**Task prompt**
From the line containing "Añade encima el" through the end of the entries, please repeat every line exactly and nothing more; the pictures do not belong in the copy.

** Opening Provided entries block **

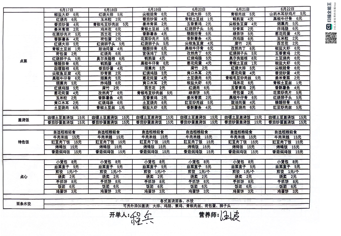 江苏省南通中学南区食堂菜谱(2024.6.17-6.23)
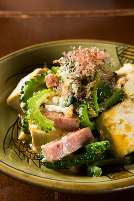 여주를 두부와 달걀과 돼지고기 등과 함께 볶는 오키나와 요리.
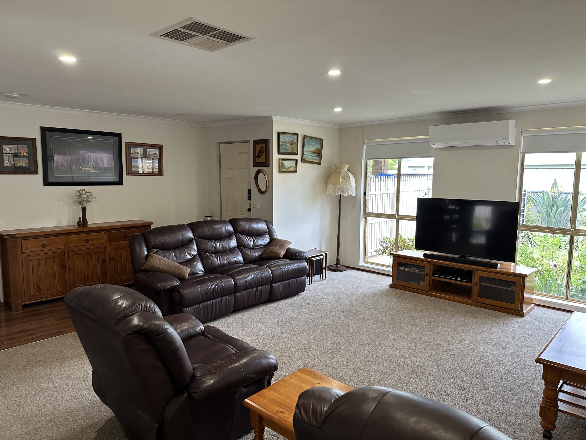 Energy-efficient living is assured with solar panels, ducted evaporative air conditioning, and a reverse-cycle unit in the living area. The home also features a slimline 3,000L water tank and multiple storage sheds. There is extra parking for a car, boat, and trailer on the south side of the house. The back yard can be conveniently accessed by vehicle via' the carport, courtyard and patio.
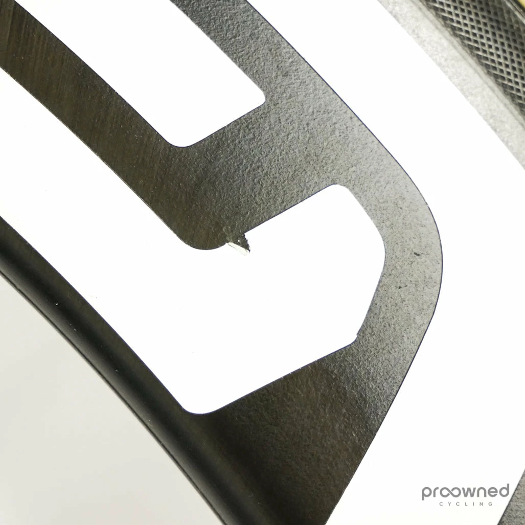 The wheel has some small marks and scratches. They are purely cosmetic and don’t affect the strength and the performance of the wheelset. The brake track is in good condition. Overall, the wheel is in great condition.
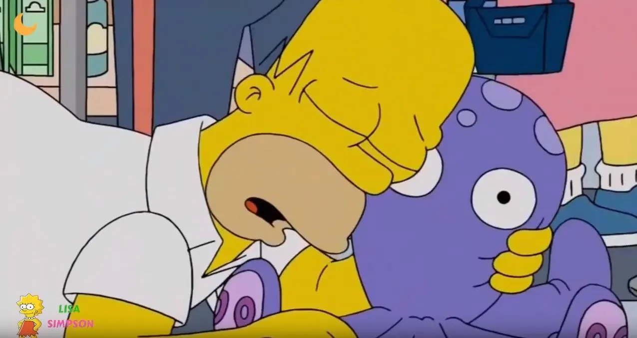 길게 늘어선 약국의 줄에 서서 귀찮아진 심슨은 기면증을 핑계대며 일부러 바닥에 누워 인형까지 끌어와서 껴안고 잠을 자버린다.
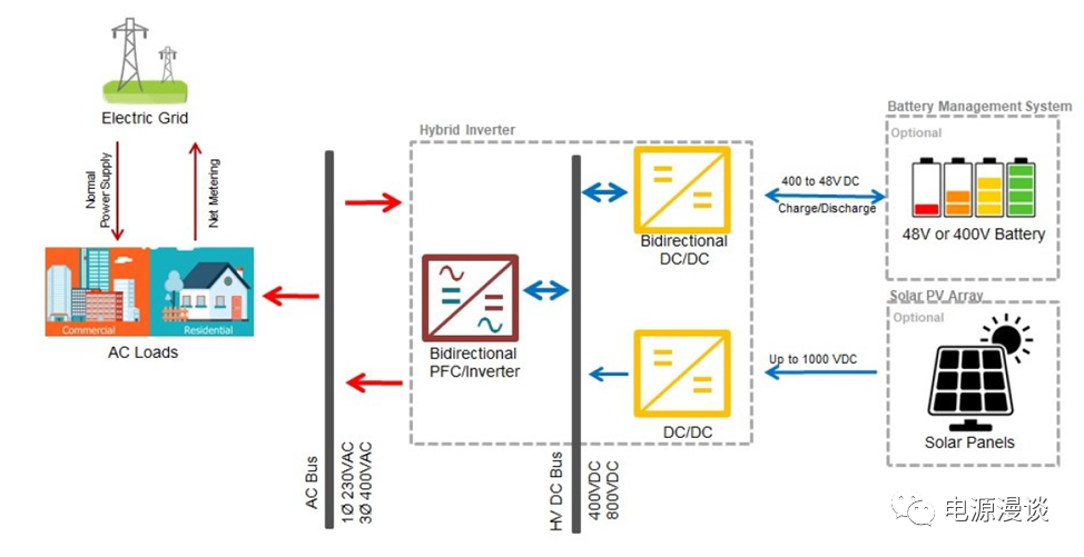如圖2所示,就是一個(gè)增加了儲(chǔ)能系統(tǒng)的光伏逆變器,這里的結(jié)構(gòu)和傳統(tǒng)光伏逆變器的結(jié)構(gòu)主要差異是,增加了一個(gè)電池組及電源變換器,電池用于存儲(chǔ)太陽(yáng)能,或者從電網(wǎng)對(duì)電池進(jìn)行能量存儲(chǔ),而電池中的能量在負(fù)載需求量大時(shí),通過(guò)電源變換器釋放給電網(wǎng)或者負(fù)載,這就要求這里的介于電池和直流總線電壓之間的變換器具有雙向轉(zhuǎn)換的功能,而系統(tǒng)一般也需要逆變器DC/AC部分,具有反向運(yùn)行的能力,這便于將電網(wǎng)能量通過(guò)DC/AC部分的電路及雙向DC/DC電路給電池充電。
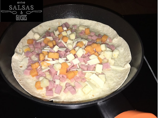 Añade encima el jamón cortado en pequeños tacos y cubre con otra torta. Deja que se haga sobre la sartén unos 2-3 minutos y dale la vuelta para que se haga por la otra parte (yo lo hice como si girase una tortilla de patatas).
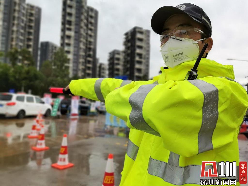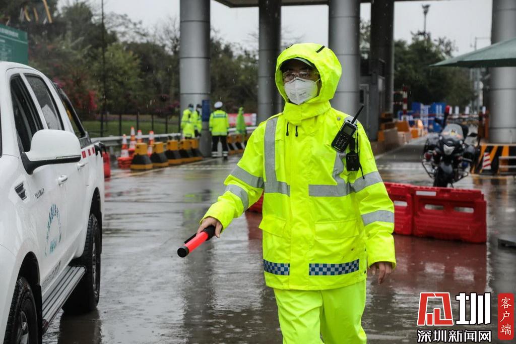 暴雨來(lái)臨,深圳交警民警在檢疫點(diǎn)安裝雨棚。

** Closing Provided entries block **

**Exercise response**
 Añade encima el jamón cortado en pequeños tacos y cubre con otra torta. Deja que se haga sobre la sartén unos 2-3 minutos y dale la vuelta para que se haga por la otra parte (yo lo hice como si girase una tortilla de patatas).
 暴雨來(lái)臨,深圳交警民警在檢疫點(diǎn)安裝雨棚。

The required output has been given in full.